Тогда, при виде этой его заваленной книгами, заставленной склянками и ретортами комнаты, где среди простых стульев и столов стояла одна мягкая кушетка для неё, – при виде его худого, с большим ртом и горбатым носом лица, освещённого каким-то внутренним, знакомым и милым ей огнём вдохновения и улыбкой смотрящих в душу серых глаз, – Аграфена Петровна переносилась в иной мир, далёкий от всего, что было за рубежом этой комнаты, и ей дышалось легче, и она любовалась с в о и м князем Никитой, потому что знала: «Вот он каким был!»

Раз как-то он особенно понравился ей. Это было после того, как она, когда в ней улеглась поднятая неудачею желчь, рассказала ему всю историю.

Волконский выслушал жену не перебивая, зная, что нужно дать выговориться ей и что после этого ей будет легче.

– Господи, сколько во всём этом потрачено даром силы! – когда она кончила, проговорил он, откидывая назад свои белокурые, лежавшие неправильными прядями, волосы, которые он, перестав стричь, давно перестал также прятать под парик. Затем он встал со своего места и с обрадованным лицом подошёл к жене. – Знаешь что, Аграфенушка, – заговорил он своим особым, «внутренним», как она называла, голосом, садясь возле неё на кушетку, – я сколько раз замечал, что, когда ты вот так приходишь ко мне, я всегда читаю в этот час именно то, что тебе нужно, то есть то, что я могу рассказать тебе в ответ на твой рассказ. Это выходит всё равно, как вот в таком случае: когда на что-нибудь не находишь ответа – возьми хорошую книгу и открой на первом попавшемся месте, и всегда выйдет удивительно верно, и всё станет ясно.

– Ну, о чём же ты читал? – спросила Аграфена Петровна.

Князь Никита говорил, стараясь не словами, но голосом, всем существом своим передать ей то, что было у него в душе в эту минуту, и то, что он – сколько бы не подбирал слов – всё-таки не мог объяснить, как ему хотелось, этими ч е л о в е ч е с к и м и словами, придуманными для здешних, земных понятий и стремлений…
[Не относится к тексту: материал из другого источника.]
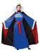 • Black cloak with satin finish and firm moulded white collar plus clasp with red faux jewel
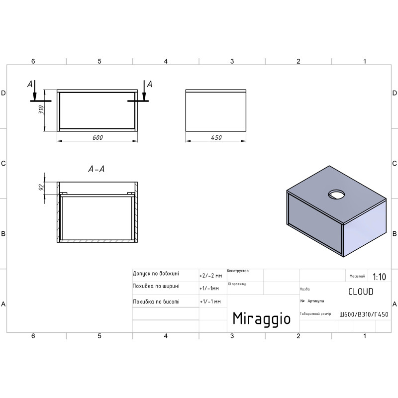 | Кількість шухляд | 1 (із системою м’якого зачинення) |

Аграфена Петровна смотрела на его просветлевшее лицо, на его раскиданные волосы и дышавшую силой и уверенным сознанием фигуру – и любовалась им. Он всегда был особенно мил ей в такие минуты.

Эта беззаветная вера, это какое-то увлекающее, горящее в его душе чувство, это упорное стремление – действовали на неё таинственно и загадочно, и бывали минуты, что она забывалась вместе с ним, и что-то лёгкое и свободное начинало шевелиться в её груди, точно она, отделившись от земли, без страха и трепета поднималась на воздух.

Подчас, когда муж говорил так с нею, слёзы навёртывались у него на глазах, и она незаметно вытирала и свои тоже влажные глаза. Тогда она почти соглашалась с ним. Но всегда случалось так, что дня через два какие-нибудь обстоятельства, как нарочно, выступят и увлекут своею «земною» серьёзностью.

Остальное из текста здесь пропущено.